◆ Aim of the task: Once you find the line with "RCA to HDMI" in the listing below, please repeat it and every later line exactly, through the last one, without pictures.

Data excerpt section start

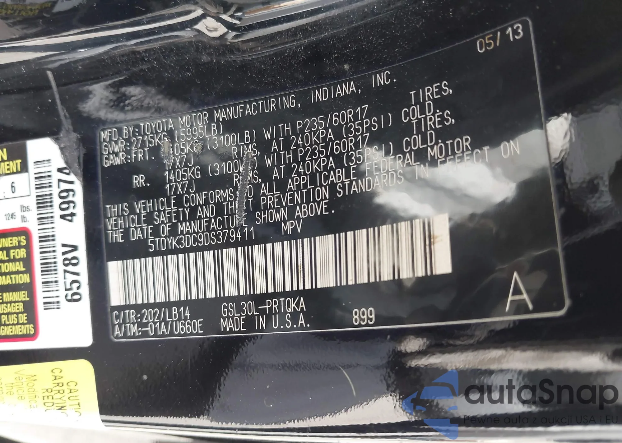 • VIN 5TDYK3DC9DS379411
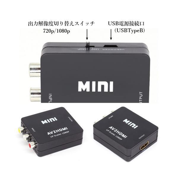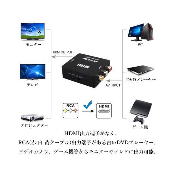 RCA to HDMI 変換コンバーター AV to HDMI 変換器 3色ピン 赤 黄 白 音声転送 アナログ 1080P FullHD
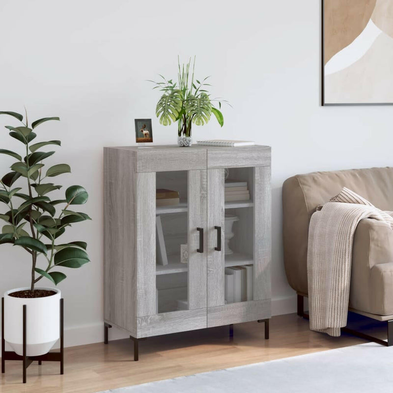 Dit klassieke dressoir is vervaardigd uit duurzaam materiaal dat bewerkt hout combineert met ijzeren poten, wat zorgt voor een uitstekende stabiliteit en een moderne uitstraling. Het gladde oppervlak maakt het eenvoudig om het meubel te onderhouden; een vochtige doek is voldoende om het schoon te maken. Met afmetingen van 69,5 x 34 x 90 cm (B x D x H) biedt dit dressoir een uitstekende oplossing voor het opbergen van dagelijkse benodigdheden, zodat alles netjes en geordend binnen handbereik is.

Data excerpt section end

◆ Reply:
 RCA to HDMI 変換コンバーター AV to HDMI 変換器 3色ピン 赤 黄 白 音声転送 アナログ 1080P FullHD
 Dit klassieke dressoir is vervaardigd uit duurzaam materiaal dat bewerkt hout combineert met ijzeren poten, wat zorgt voor een uitstekende stabiliteit en een moderne uitstraling. Het gladde oppervlak maakt het eenvoudig om het meubel te onderhouden; een vochtige doek is voldoende om het schoon te maken. Met afmetingen van 69,5 x 34 x 90 cm (B x D x H) biedt dit dressoir een uitstekende oplossing voor het opbergen van dagelijkse benodigdheden, zodat alles netjes en geordend binnen handbereik is.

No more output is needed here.